- Meekers Grove Location within Wisconsin Meekers Grove Location within the United States
- Coordinates: 42°38′44″N 90°22′10″W﻿ / ﻿42.64556°N 90.36944°W
- Country: United States
- State: Wisconsin
- County: Lafayette
- Town: Elk Grove
- Elevation: 971 ft (296 m)
- Time zone: UTC-6 (Central (CST))
- • Summer (DST): UTC-5 (CDT)
- Area code: 608
- GNIS feature ID: 1577722

= Meekers Grove, Wisconsin =

Meekers Grove is an unincorporated community located in the town of Elk Grove, Lafayette County, Wisconsin, United States. It consists of a grouping of two houses, a One-room school that caught fire and was demolished in 2000, and nearby farms.

== Attractions ==
Red's Supper Club stands at the intersection of County H and State Road 81, approximately 1 mile north of Meeker's Grove.

St. Peter's Catholic Church stands at 26203 St. Peters Road.

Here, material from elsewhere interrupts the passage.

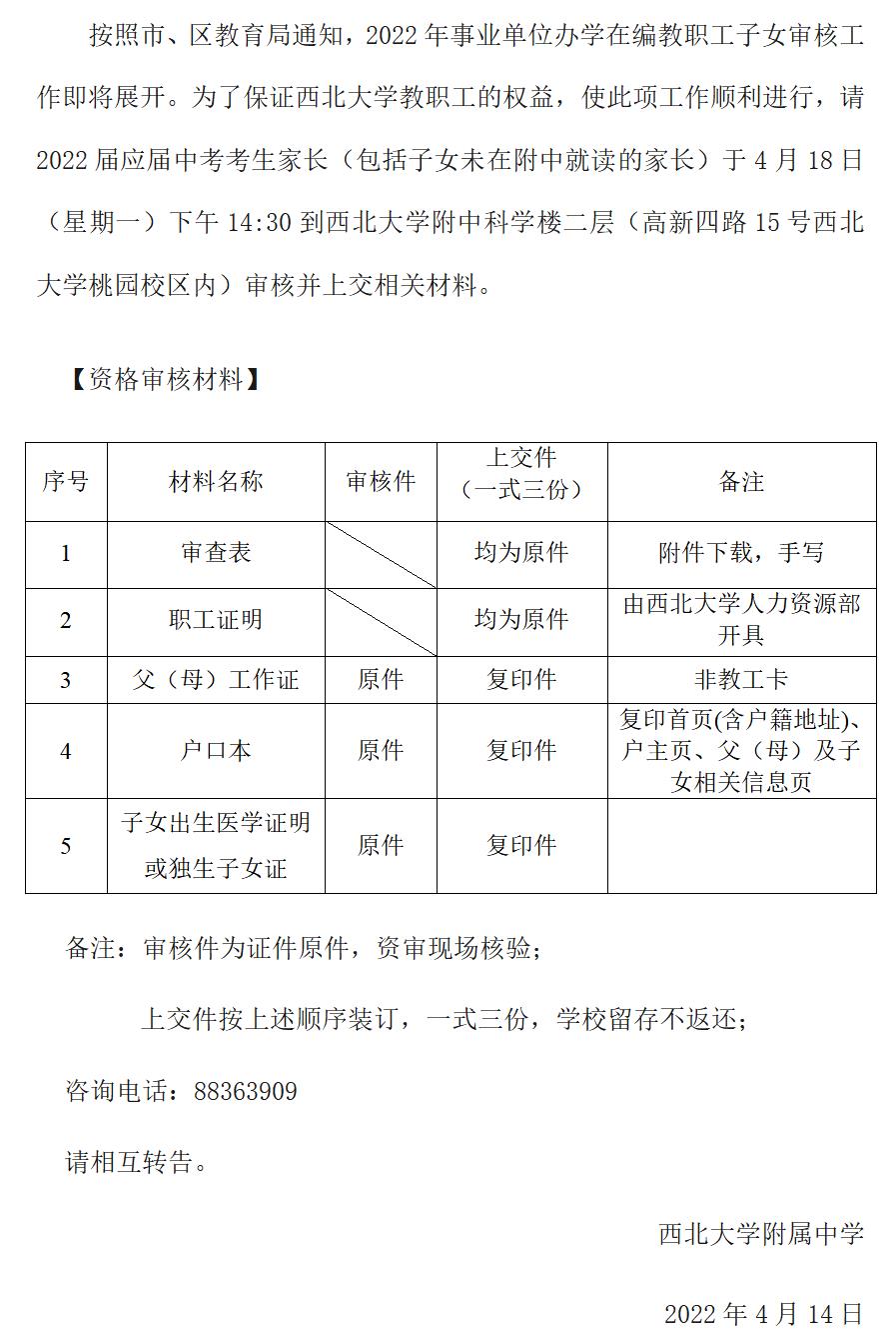 关于确认2022届中考开云手机网页版登录入口教职工子女身份的通知

There is an abandoned rock quarry on Red School Road near the Madden Branch of the Galena River (Illinois), approximately 1 mile east of Meeker's Grove.

== History ==
There used to be a One-room school located at the address 10487 County H (at the intersection of County H and Red School Road) but it was struck by lightning and caught fire in 2000 and was demolished shortly thereafter. You can still see playground equipment and a small parking lot at the location today. This school, painted red, was the namesake for Red School Road.